Data in this exercise –
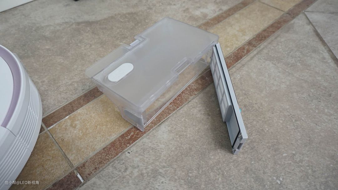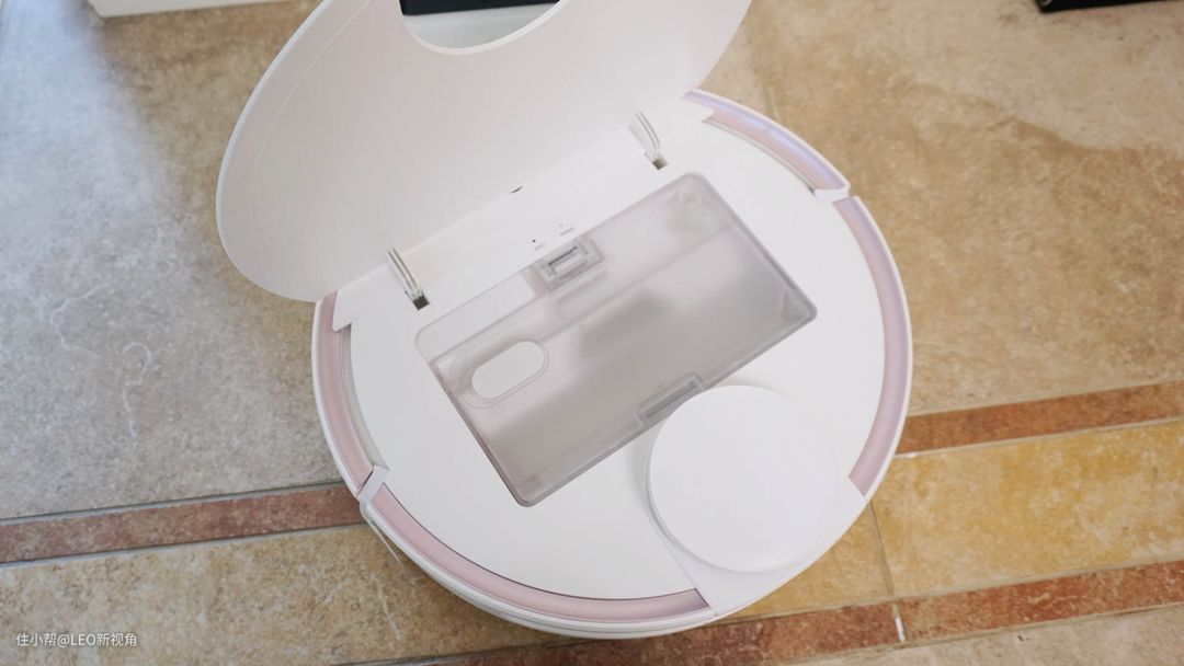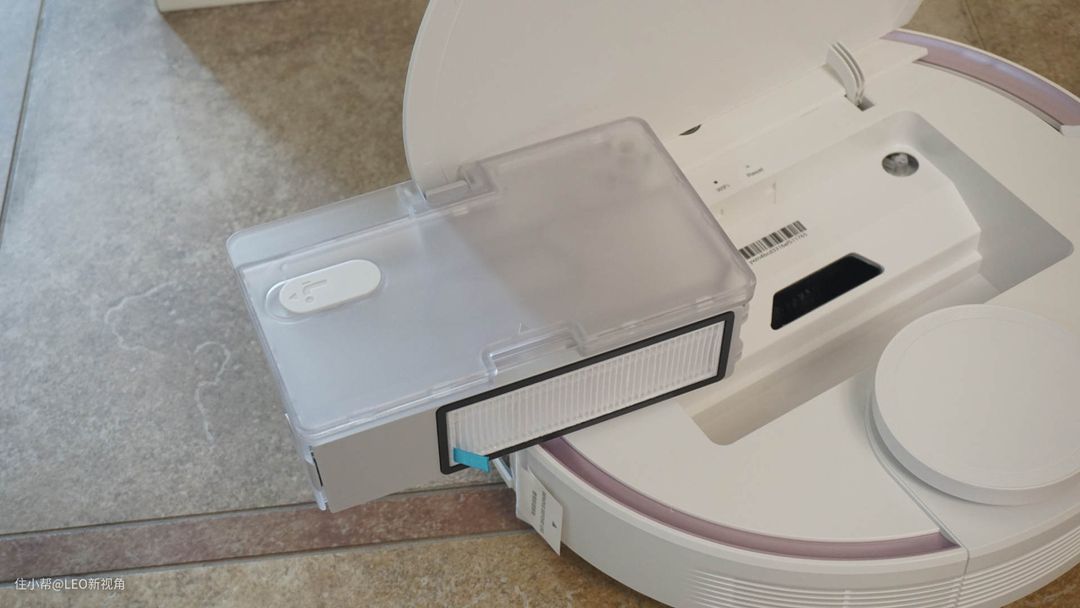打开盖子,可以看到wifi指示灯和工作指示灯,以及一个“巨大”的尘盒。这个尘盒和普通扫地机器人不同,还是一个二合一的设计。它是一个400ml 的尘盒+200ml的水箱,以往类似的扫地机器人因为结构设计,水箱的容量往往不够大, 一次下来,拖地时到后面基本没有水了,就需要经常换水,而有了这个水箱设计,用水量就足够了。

--

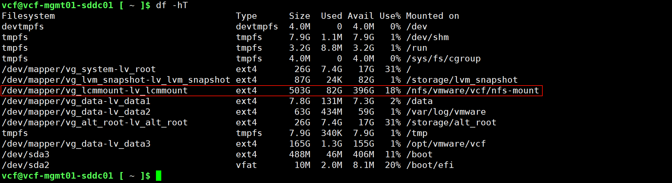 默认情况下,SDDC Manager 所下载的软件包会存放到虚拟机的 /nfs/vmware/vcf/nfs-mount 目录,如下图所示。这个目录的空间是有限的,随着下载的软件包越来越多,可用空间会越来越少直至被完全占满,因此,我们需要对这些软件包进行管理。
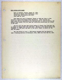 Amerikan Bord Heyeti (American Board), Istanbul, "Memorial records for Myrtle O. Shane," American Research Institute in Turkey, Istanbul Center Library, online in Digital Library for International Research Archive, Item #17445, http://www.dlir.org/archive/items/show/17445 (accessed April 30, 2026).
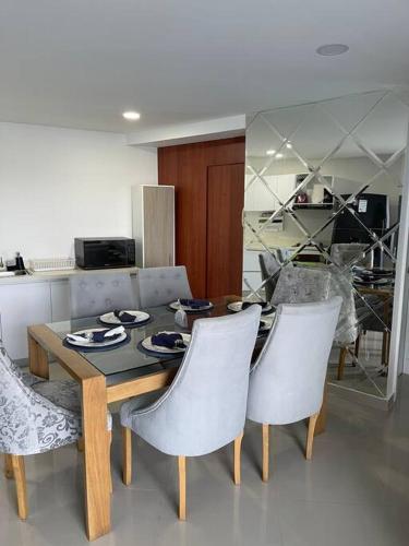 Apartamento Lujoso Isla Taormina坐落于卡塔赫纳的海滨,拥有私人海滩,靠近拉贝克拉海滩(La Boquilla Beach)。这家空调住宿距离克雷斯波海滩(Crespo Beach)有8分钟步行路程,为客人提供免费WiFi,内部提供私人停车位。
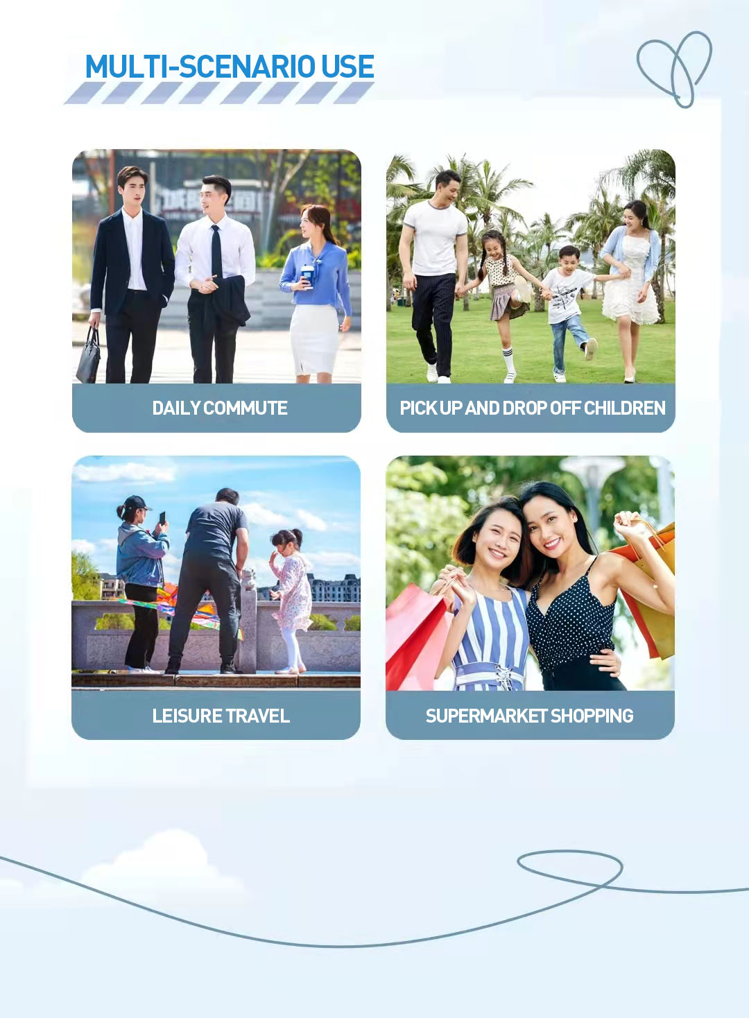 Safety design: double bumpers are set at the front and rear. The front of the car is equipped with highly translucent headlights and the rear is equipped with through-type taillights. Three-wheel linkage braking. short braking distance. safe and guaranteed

Exercise description –
Could the stretch from the line with "Amerikan Bord Heyeti" through the line with "Apartamento Lujoso Isla" in the listing above be restated word for word, minus the pictures?

Written answer –
 Amerikan Bord Heyeti (American Board), Istanbul, "Memorial records for Myrtle O. Shane," American Research Institute in Turkey, Istanbul Center Library, online in Digital Library for International Research Archive, Item #17445, http://www.dlir.org/archive/items/show/17445 (accessed April 30, 2026).
 Apartamento Lujoso Isla Taormina坐落于卡塔赫纳的海滨,拥有私人海滩,靠近拉贝克拉海滩(La Boquilla Beach)。这家空调住宿距离克雷斯波海滩(Crespo Beach)有8分钟步行路程,为客人提供免费WiFi,内部提供私人停车位。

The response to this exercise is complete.